Директор кончил, снова занял свое место в президиуме.
И звучный, ясный председательствующий голос Гоши Сокольского объявил:
— Товарищи, докладчик Белявкин отказывается от заключительного слова. Поступило предложение — выслушать студента Шлихмана. Если возражений нет, то я попрошу Шлихмана занять место на трибуне.
И через весь зал, спотыкаясь на ходу, слепо уставясь перед собой очками, сгибая спину, медленно прошел Православный — штаны свисали с худого зада, громоздкие ботинки гулко стучали по ковровой дорожке.
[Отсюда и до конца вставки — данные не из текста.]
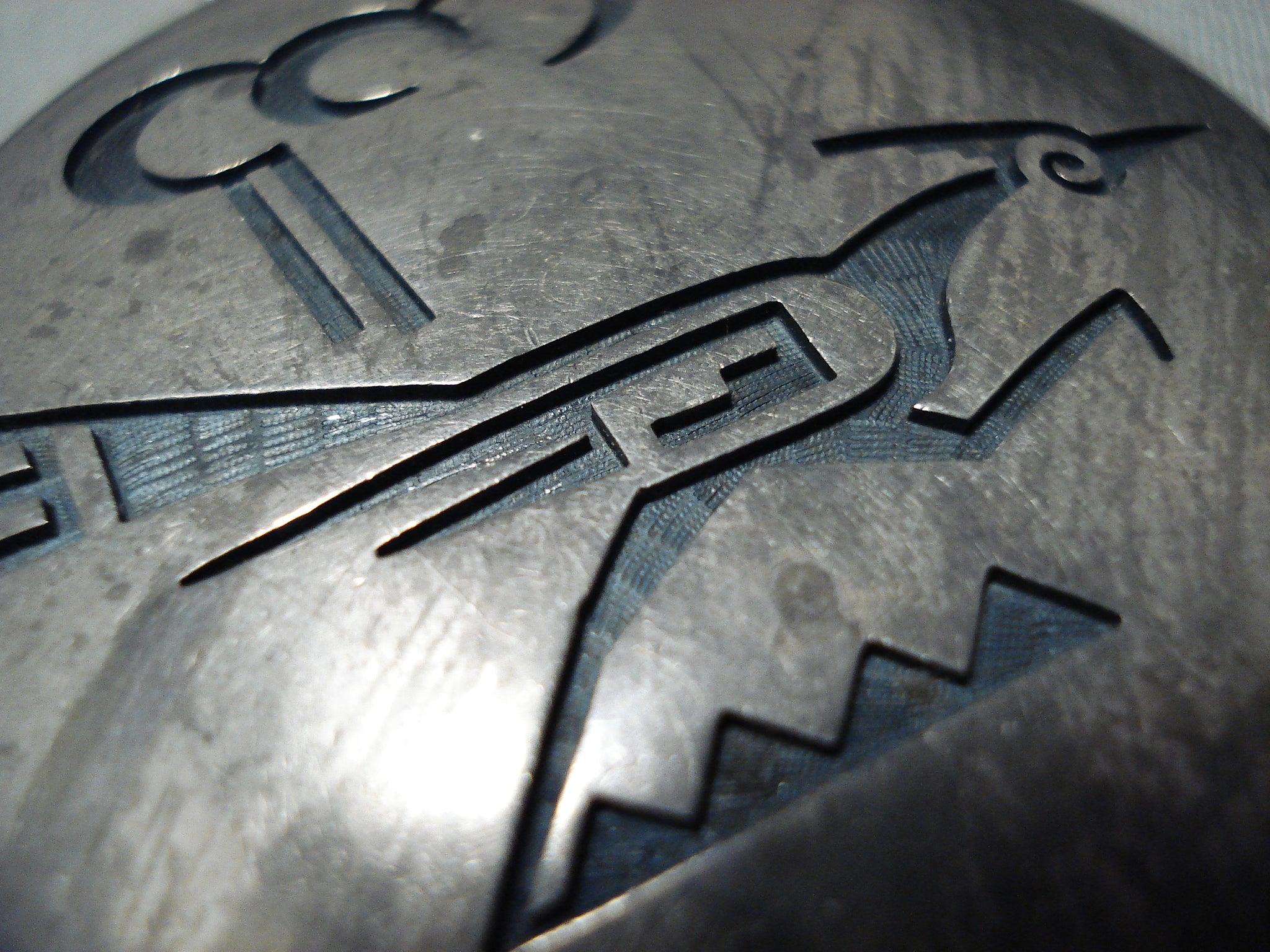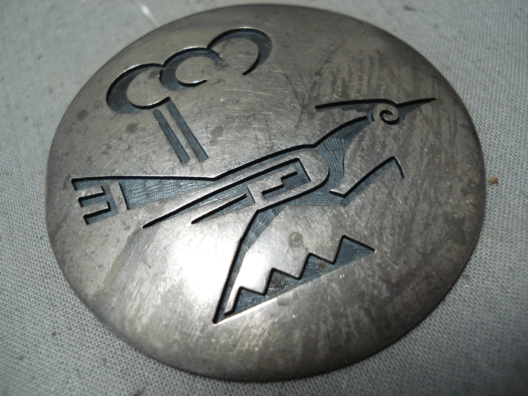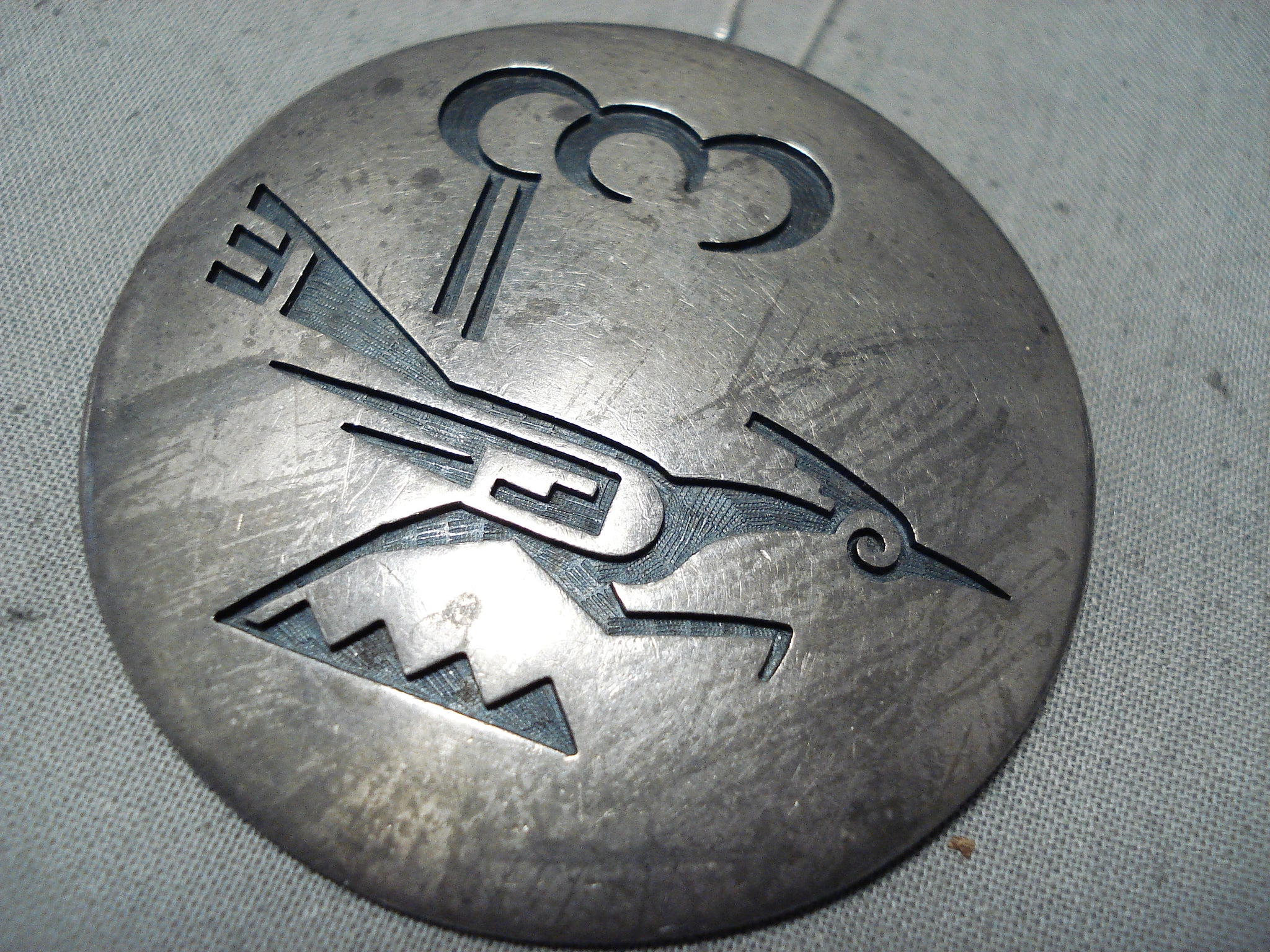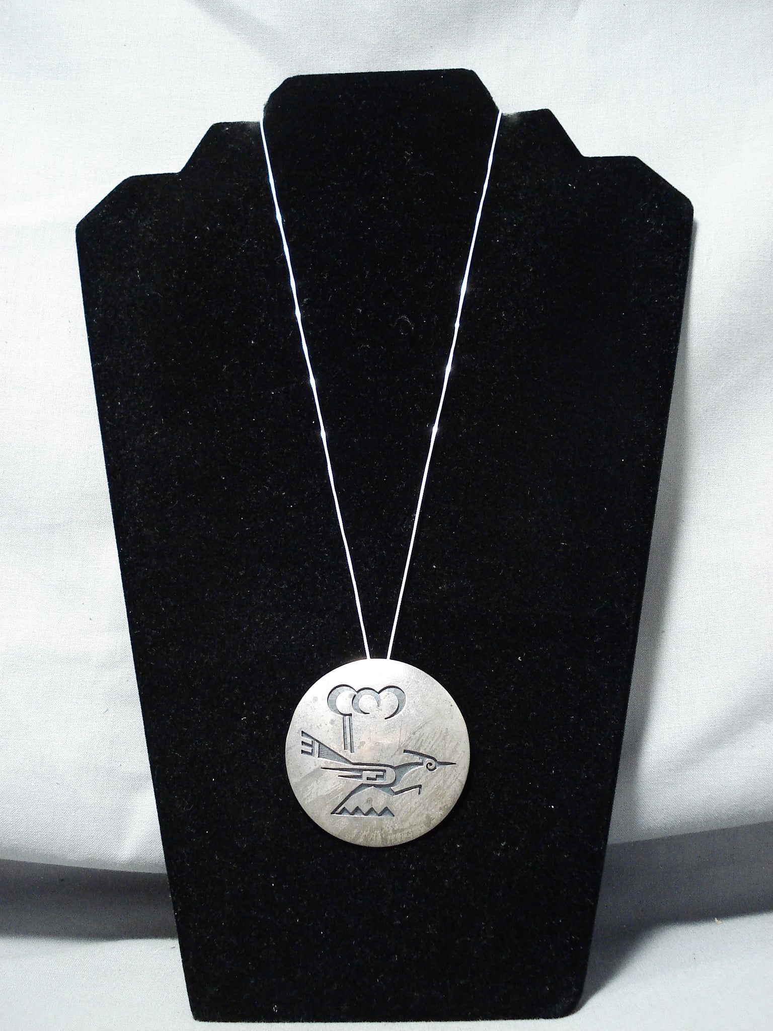 We are proud to offer this fascinating vintage Hopi silver necklace/ pin having a handcarved round convex silver pendant with a deep handcarved silver roadrunner! The necklace / pin has a silver chain with a handmade silver clasp. Truly Exceptional! The silver pendant measures about 2" x 2". Sterling silver. Sturdy 29 grams. Rare Hopicrafts signed piece.
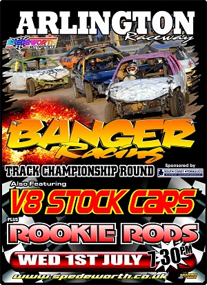Alongside the V8 Stock Cars the Bangers return to Arlington Stadium, Eastbourne on Wednesday night for round 6 of the South Coast Hydraulics Track Championship and a full grid of Rookie Rods complete the three formula frenzy to kick off the month of July!

Через весь зал, стыдясь самого себя.
На лесенке, ведущей к трибуне, он снова споткнулся, ударился коленом, захромал.
Он долго не начинал, водил недоуменно по залу очками и молчал, а зал в нетерпении ерзал и кашлял.
— Время дорого, Шлихман, — суховато напомнил Гоша.
— Товарищи… Я… я не знаю… не знаю, в чем виноват…
И опять тяжкое молчание.
Федор сейчас чувствовал за Православного — чувствовал близорукость, жалкую бледность, стягивающий плечи мятый пиджачок, красные, вылезающие из рукавов руки. В такие минуты так стыдно за самого себя, что веришь — а ты виноват, сомнений нет. Только в чем, вот беда?..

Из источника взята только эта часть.